| name | instant-0-100ms |
| description | Use when building instantaneous UI feedback under 100ms - button presses, toggles, state changes that feel immediate and responsive |
Instant Animations (0-100ms)
Animations under 100ms feel instantaneous to users. This duration is for immediate feedback that confirms actions without perceived delay.
Disney Principles at Instant Speed
Works Well
Squash & Stretch: Subtle - 2-5% compression on button press creates tactile feel without visible deformation.
Anticipation: Skip entirely - no time for preparation at this speed.
Staging: Minimal - rely on position/color change, not movement.
Straight Ahead/Pose to Pose: Straight ahead only - too fast for keyframe complexity.
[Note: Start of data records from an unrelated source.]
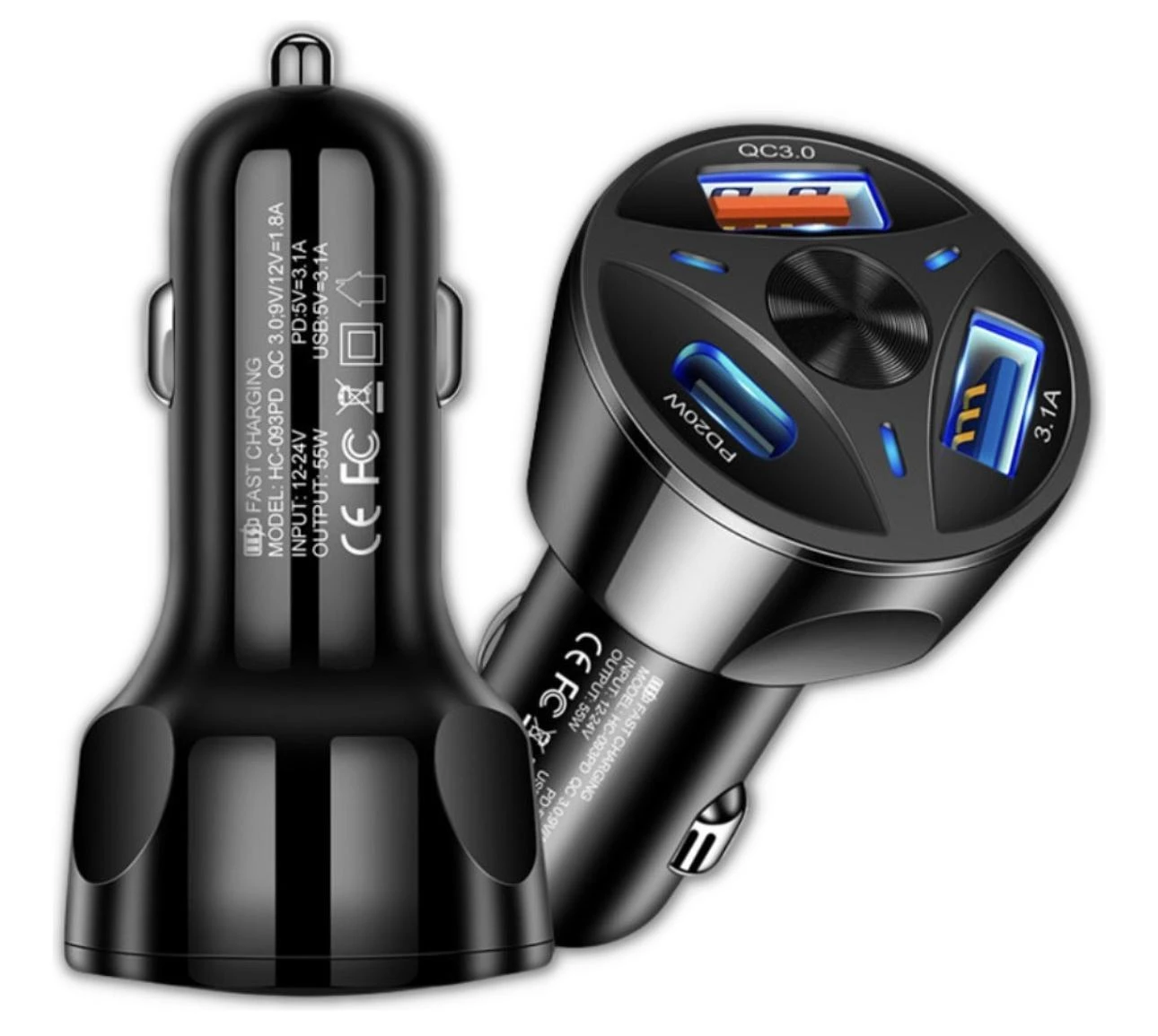 Carregador Veicular Turbo 55w 3 Portas-2 Usb 1 Pd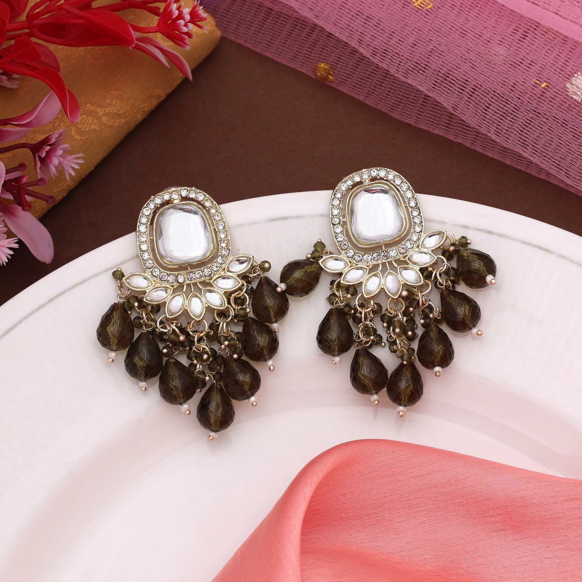 Mehandi Grüne Kundan Ohrringe mit königlichem Finish für festliche Outfits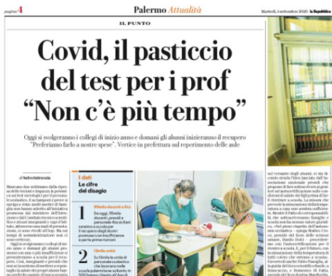 L'edizione odierna de "La Repubblica" si sofferma sui test anti-Covid 19 per il personale scolastico. Molti medici di famiglia non...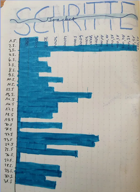 Auf dem Handy habe ich eine Gesundheitsapp installiert, die unter anderem meine Schritte zählt. Am Abend übertrage ich diese Anzahl in mein BuJo. Da ich mein Handy während der Arbeitszeit immer in meinem Spind habe, ist das Ergebnis ein bisschen verfälscht, da ich während der Arbeit meist sehr viel umherlaufe.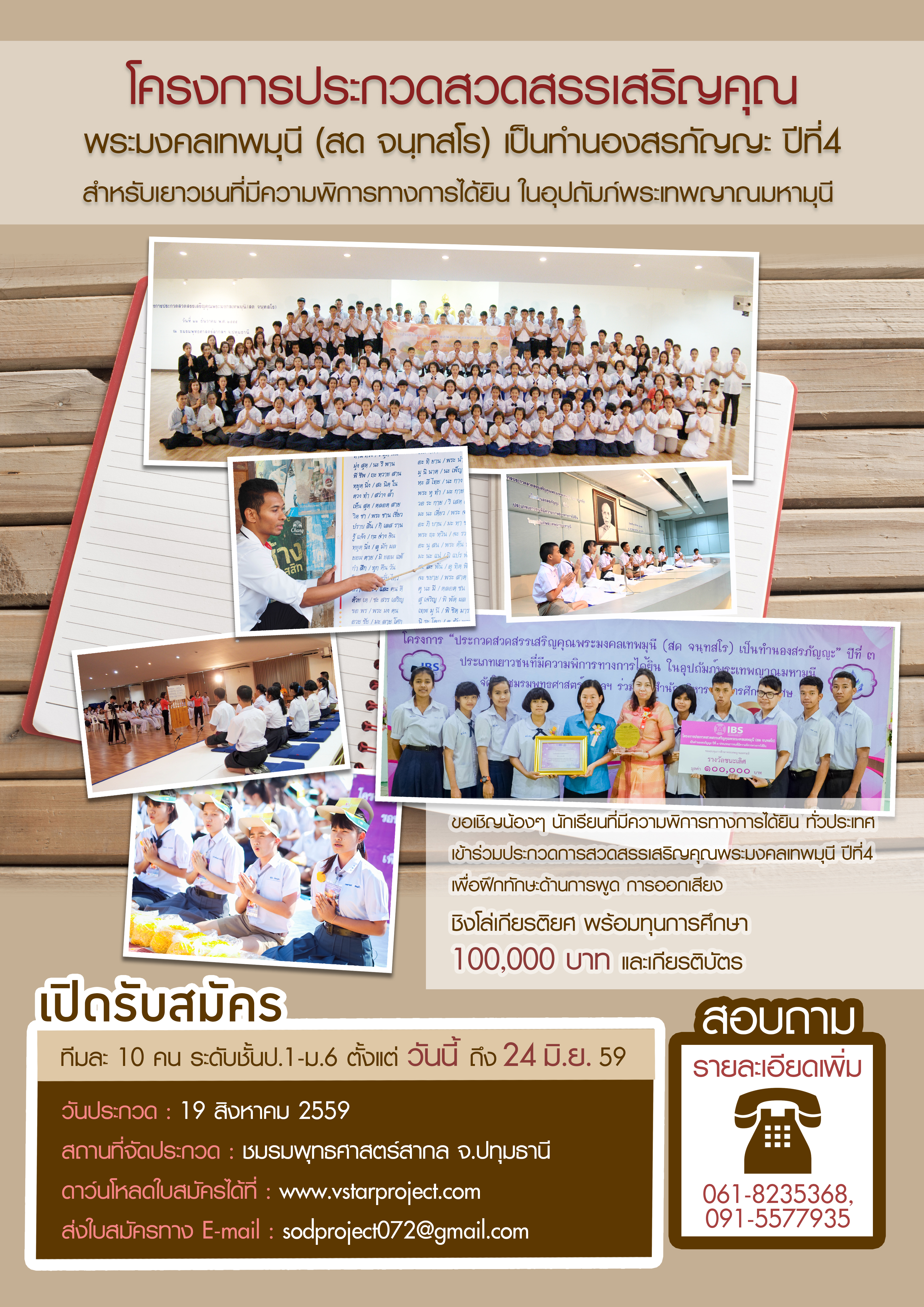 เปิดรับสมัคร นักเรียนที่มีความพิการทางการได้ยิน เข้าร่วม โครงการประกวดสวดสรรเสริญคุณพระมงคลเทพมุนี (สด จนฺทสโร) เป็นทำนองสรภัญญะ ปีที่ ๔ |

Follow Through: None - motion completes before follow-through registers.
Slow In/Slow Out: Use ease-out only - starts at full speed, slight deceleration.
Arcs: Linear paths only - curves don't register at this speed.
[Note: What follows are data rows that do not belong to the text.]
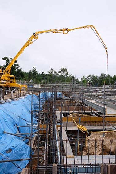 私たちが現場見学に訪れた際には、基礎工事が行われている最中でした。見学に訪れたのは20日の午前中でしたが、基礎にコンクリートを流し込む作業をしていました。今月末には基礎工事がほぼ終了する予定だとも話されていました。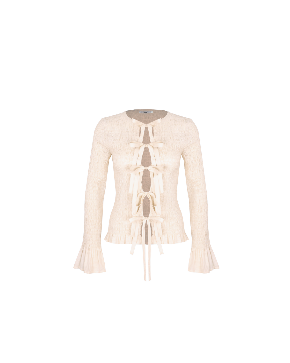 Long sleeve shirred top, with tie closures down the centre front. This top is designed in a luxe ivory shade, making it the perfect piece to take from day to night.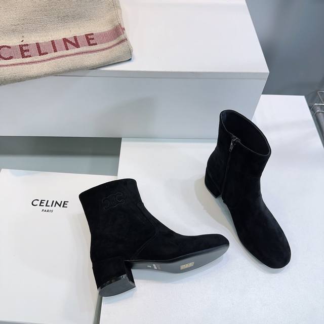 High-quality factory short! Top quality Celine 25Ss Fall/Winter new arrival Arc de Triomphe retro simple patent leather chunky heel short boots, long boots, straight riding boots! This season has so many great styles, like these military boots with a biker vibe. The simple slip-on design is flattering for all leg shapes, instantly making your legs look longer, super slimming and versatile! Absolutely stunning! The Arc de Triomphe logo is classy and sophisticated! The upper is made of imported cow suede, the lining is imported sheepskin, the heel height is approximately 5.5cm, and the outsole is made of imported Italian genuine leather. Sizes: 35-40. Sizes 40 and above are non-refundable. Comes with original packaging.

Secondary Action: Skip - brain can't process multiple simultaneous instant changes.
Timing: 1-3 frames maximum. 60fps = 16.67ms per frame.
Exaggeration: Minimal - subtle scale (0.95-1.05) or opacity changes.
Solid Drawing: Focus on color/opacity shifts, not spatial transformation.
Appeal: Crisp, immediate response builds trust and perceived performance.
Doesn't Work
- Complex multi-step sequences
- Visible travel distance
- Rotation beyond 15 degrees
- Multiple property changes
- Staged reveals
Easing Recommendations
/* Primary choice - immediate start, soft landing */
transition: all 50ms ease-out;
/* Alternative - completely linear for state toggles */
transition: opacity 80ms linear;
/* Button press feedback */
transition: transform 50ms ease-out;
Best Use Cases
- Button active/pressed states
- Toggle switches
- Checkbox/radio selections
- Focus ring appearance
- Hover color shifts
- Touch ripple initiation
Implementation Pattern
.button:active {
transform: scale(0.97);
transition: transform 50ms ease-out;
}
.toggle-on {
background: var(--active);
transition: background 80ms ease-out;
}
Key Insight
At instant speeds, animation serves confirmation, not communication. Users shouldn't consciously perceive the animation - they should feel the interface responding.